Hmmm, Saturday afternoon will be when I’ll have my victory beer.
I went to
the waiting room adjacent to where people were lining up to get in, and some of
my coworkers were there. My Ghanaian homie saw I was adjusting my belt and
asked “Did they make you take off your trousah?!” I joked that this shot was
not on the upper arm like the first one but in an ass cheek, but no, I was just
tucking my shirt in my pants.
I went back
to work for one more class, about proton NMR, then went home, buying
strawberries and jackfruit on the way. I munched on the fruit while watching
the latest BKFC event. MMA is my favorite sport to watch, but I like all combat
sports, whether it’s boxing, kickboxing, muay thai, lethwei, grappling, and now
bare-knuckle boxing. The raw and brutal nature of it, even by combat sports
standards, make it appealing to purists like me, and all the fights were fun. The
fighters battle in two-minute rounds, start in the middle of the ring and are
allowed active clinch, which means the pace is always explosive. BKFC is a
fairly new organisation, which means it’s both exciting and mysterious in the
same way that early UFCs were, but it also means there are also some serious
rough edges and can feel a bit silly at times. And by this I mean “I feel a bit
dirty watching that hillbilly circus”. Their main sponsors are kratom, a CBD
company and a shady offshore gambling site, for F’s sake!
Their main
problem is that the talent pool is very shallow, with low-level journeymen and
has-beens. Since their inception, they have relied on bringing in aging or even
retired MMA fighters with name recognition, which works to some extent (that’s
why I started watching after all) but can’t be sustainable.
The best
example of this is how their biggest fight ever, their PPV headliner, was Paige
Vanzant’s bare-knuckle debut. Vanzant had a middling MMA career and was
fast-tracked to the forefront of the sport due to how marketable she is, and had been mostly inactive for the past few
years, making more money as an Instagram model than her already inflated UFC
payouts. I didn’t care too much about the main event and will watch it later,
but I really wanted to see legendary brawler Chris Leben’s retirement fight and
the 135-pound championship between Johnny Bedford and Dat Nguyen. Dat Nguyen
was a high-level boxer until he transitioned to no-gloves and had been
impressive in his first two BKFC fights, way ahead of some of the brawling
rednecks and inner city gang members that seem to make up most of the roster, but
he’s 38 now. The only way BKFC would take it to the next level is if they have enough
promising or accomplished fighters who make the switch earlier, rather than at
the tail-end of their careers.
I listened
to a bit more music from the Top 500, while I was writing or reading. First Anita
Barker and her soulful R&B, then Ghostface Killah’s sophomore Supreme
Clientele. It’s been a while since I listened to it, and holy shit is it
frustrating. Some parts are excellent and a perfect display of what east coast
90s hip-hop is about, but there’s so much filler on there and some beats just
suck ass, like the one on Stroke Of Death, which almost gave me epilepsy
strokes.
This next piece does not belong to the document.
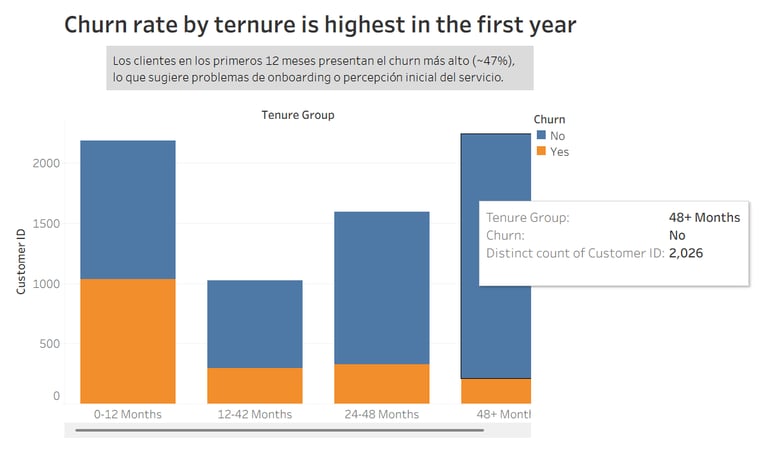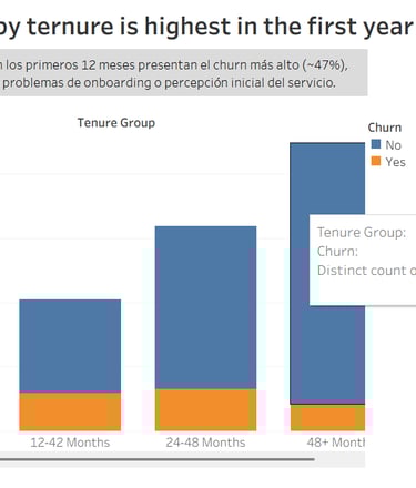 Se observó que las tasas de churn son considerablemente más elevadas durante los primeros 12 meses del ciclo de vida del cliente, lo que sugiere que la experiencia inicial y el proceso de onboarding son factores críticos.

I know it’s seen as blasphemous in some hip-hop circles, but I feel
that the Wu-Tang Clan is very overrated. Just my opinion.
My Spanish
garlic and bread soup from yesterday tasted even better reheated, and I had a
late dinner after eating all those fruits at 5 o’clock. I watched a Ryan Long
skit about a feminist homeschooling single mom, it was hilarious. Then I went
to bed and read a few pages from the Norman history book before collapsing.